Election coming and a long campaign ahead of them

The week in review: A hopeless start, an endless general election

The week in review: A hopeless start, an endless general election

We're already on an election footing. God knows how we're going to survive the next 18 months. But here we are, ramping up for the longest general election campaign of all time.

Tory ministers have been told to make every statement centre around a dividing line with Labour. Nick Clegg is relentlessly following an equidistance strategy. And Ed Balls is hedging his hung parliament bets by playing footsie with the Lib Dems.

The public confidence, reflected by George Osborne on Monday with the the gloomiest return-to-work message ever, was not in evidence behind closed doors. In the mucky world of parliamentary toing-and-froing, the coalition had a dreadful week.

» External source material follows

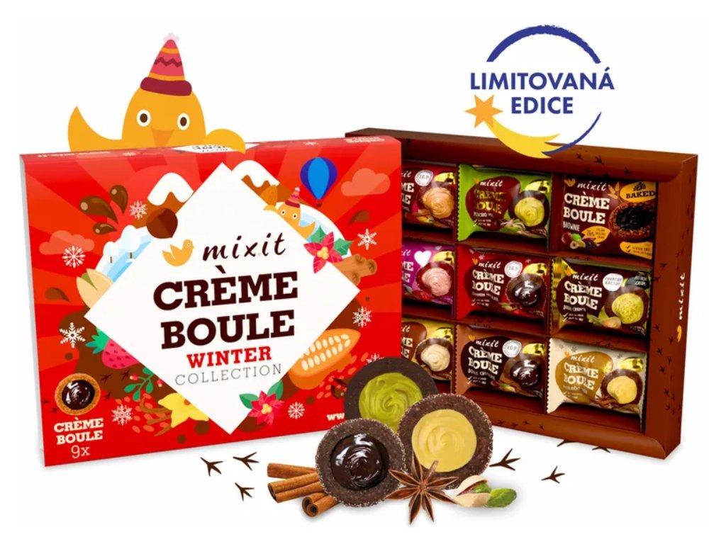 Bouleniéra je splněným snem všech fanoušků Crème boulí – v designovém balení na vás čeká devět různých druhů těchto lahodných datlových koláčků. Těšit se můžete na průřez naší nabídkou – od čokoládové klasiky přes bestsellery s lyo ovocem až po exkluzivní novinku à la vaječný likér.

Iain Duncan Smith went to war with Osborne – and Francis Maude too, for good measure. The latter was over the ongoing universal credit IT project disaster, a financial black hole which is visible from space. Maude's been drafted in to sort it out and he's not impressed. The former was over his attempt to protect welfare spending from another hack-and-slash visit by Osborne. That debate put left-wingers in a curious position, with IDS the champion and defender of what's left of the welfare state.

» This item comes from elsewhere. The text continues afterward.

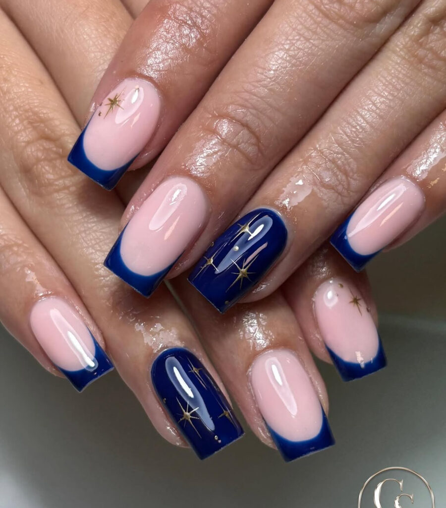 This design feels magical without being over the top. The look combines deep navy French tips with tiny gold star accents.

Meanwhile, the coalition's bill outlawing 'annoyance' (just as absurd as it sounds) was knocked down in the Lords, who take a dim view of broad, vague legal language. The Home Office is going to press ahead, but the defeat was big and it's doubtful they'll have the stamina to get it past a stubborn upper chamber, especially if civil liberties campaigners can make it totemic.

Tories were also hard at work dismantling the lobbing bill, a piece of legislation which took one problem, did little to address it, and then created several completely unrelated new ones. Not least among these was a draconian restriction of charities' campaigning abilities. The concessions convinced some opponents to drop their objections, but not all.

In the Lords, peers were queuing up to secure their chance to speak in the debate over the private members bill on an EU referendum. It's a ploy to kill it. If they can talk it out until February 28th they can kill it off completely. That would put Cameron in an unenviable position: If he doesn't create a government bill he'll lose support to Ukip and rekindle the rebelliousness of his backbenchers. If he does, the Lib Dems will shoot it down.

It was, all in all, a pretty dank week for the coalition, with little going their way. Even the vote they won – on a Labour motion tackling high-stakes gambling machines – saw Cameron adopt a an apologetic tone. The coalition wants to tackle the machines too, he insisted, but only after an industry report. After plain fag packs and minimum alcohol pricing, Labour wasn't having any of it.

Cameron was even facing trouble on the continent, with the Polish PM taking a rather dim view of the constant references to his countrymen in the British welfare and immigration debate.

Meanwhile, Tories in marginal seats were giving their colleagues a rather vital lesson: 'Please stop being so loud and right-wing. It's making it very difficult for the rest of us.'

All in all, a tough start to the year for the Conservatives. And Clegg's growing confidence won't have lightened their mood.

The deputy PM knows he needs to relentlessly attack Labour on the economy and the Tories on social justice. There were signs that it was all falling into place for him, despite Boris Johnson calling him a condom on his birthday – a description Clegg managed to laugh off unconvincingly.

But his newfound friendliness with Ed Balls suggested something rather more significant. The shadow chancellor's overture towards Clegg was a far cry from his previous comments about the deputy prime minister, which were seething with personal animosity. Now, all is sweetness and light between the two men and Balls "totally" understands why he went into coalition with the Tories.

It shows Labour is doing the maths and knows there's a good chance it'll end up in a Lib-lab coalition in 2015. It wouldn't do to go from mortal enemies to BFFs overnight, so the ground is must be prepared and the narrative sculptured.

And sculpt it must, because Labour shows precious little sign of having the momentum to win outright. The party's internal problems were continuing, with one Miliband ally admitting to us that the public just weren't getting his 'One Nation' message. Instead, his MPs were using Ukip-coloured leaflets to sell their qualities. Remember when the Tories did that in Eastleigh? Didn't work there either.